**Directions**: Only the lines from the beginning of the data through the line holding "Primary bedroom on" belong in the answer, printed exactly and without pictures.

**Records provided**:
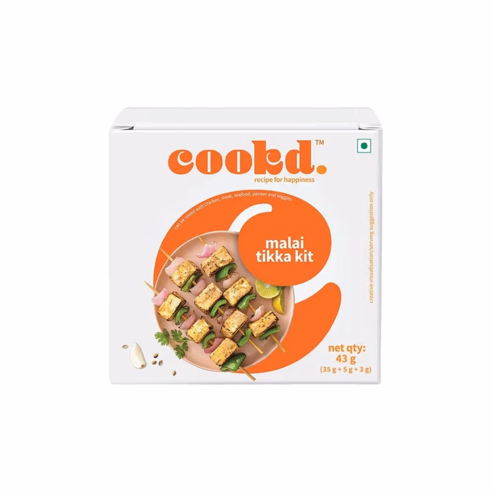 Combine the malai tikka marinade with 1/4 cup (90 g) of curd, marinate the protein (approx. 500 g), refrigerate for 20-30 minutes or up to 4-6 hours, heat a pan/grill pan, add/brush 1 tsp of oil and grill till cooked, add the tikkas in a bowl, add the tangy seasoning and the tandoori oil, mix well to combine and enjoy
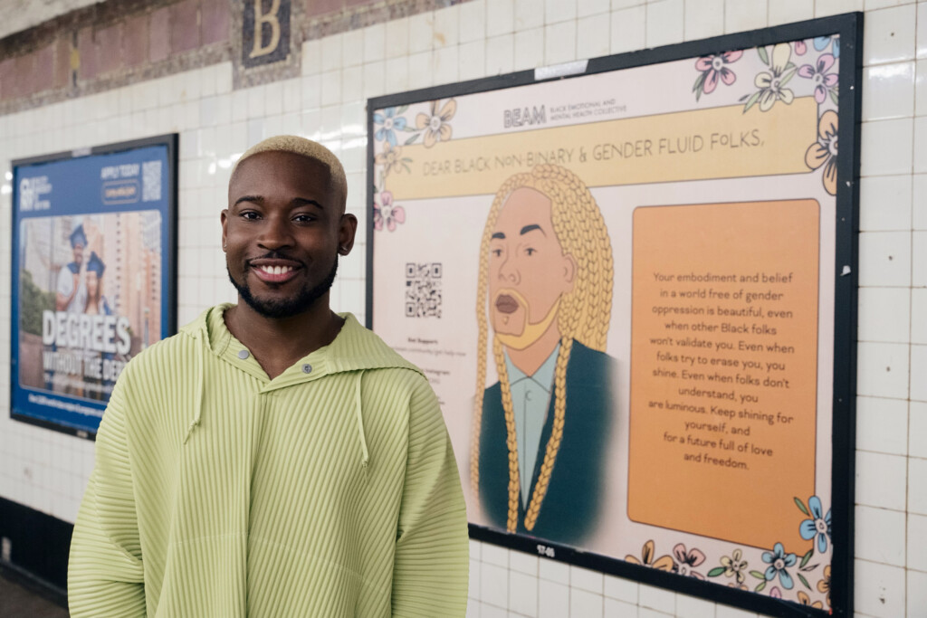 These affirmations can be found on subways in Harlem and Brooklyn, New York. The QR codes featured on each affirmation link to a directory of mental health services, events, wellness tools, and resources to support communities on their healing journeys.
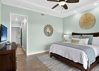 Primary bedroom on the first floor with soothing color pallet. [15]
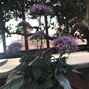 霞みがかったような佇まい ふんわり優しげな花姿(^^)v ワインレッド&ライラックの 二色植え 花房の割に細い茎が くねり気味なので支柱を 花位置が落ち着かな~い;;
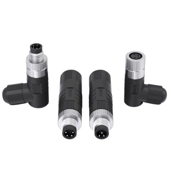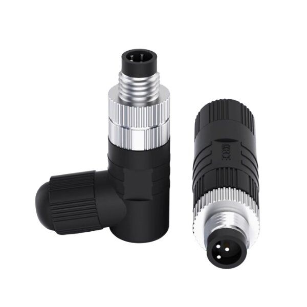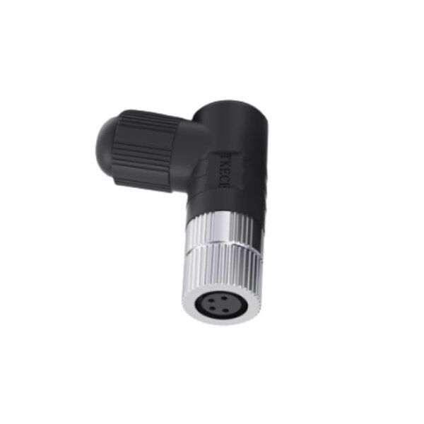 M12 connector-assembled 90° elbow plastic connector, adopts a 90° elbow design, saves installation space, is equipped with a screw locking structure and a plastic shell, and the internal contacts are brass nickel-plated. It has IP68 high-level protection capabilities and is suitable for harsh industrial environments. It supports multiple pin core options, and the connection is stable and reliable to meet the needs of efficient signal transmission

**Output of the task**:
 Combine the malai tikka marinade with 1/4 cup (90 g) of curd, marinate the protein (approx. 500 g), refrigerate for 20-30 minutes or up to 4-6 hours, heat a pan/grill pan, add/brush 1 tsp of oil and grill till cooked, add the tikkas in a bowl, add the tangy seasoning and the tandoori oil, mix well to combine and enjoy
 These affirmations can be found on subways in Harlem and Brooklyn, New York. The QR codes featured on each affirmation link to a directory of mental health services, events, wellness tools, and resources to support communities on their healing journeys.
 Primary bedroom on the first floor with soothing color pallet. [15]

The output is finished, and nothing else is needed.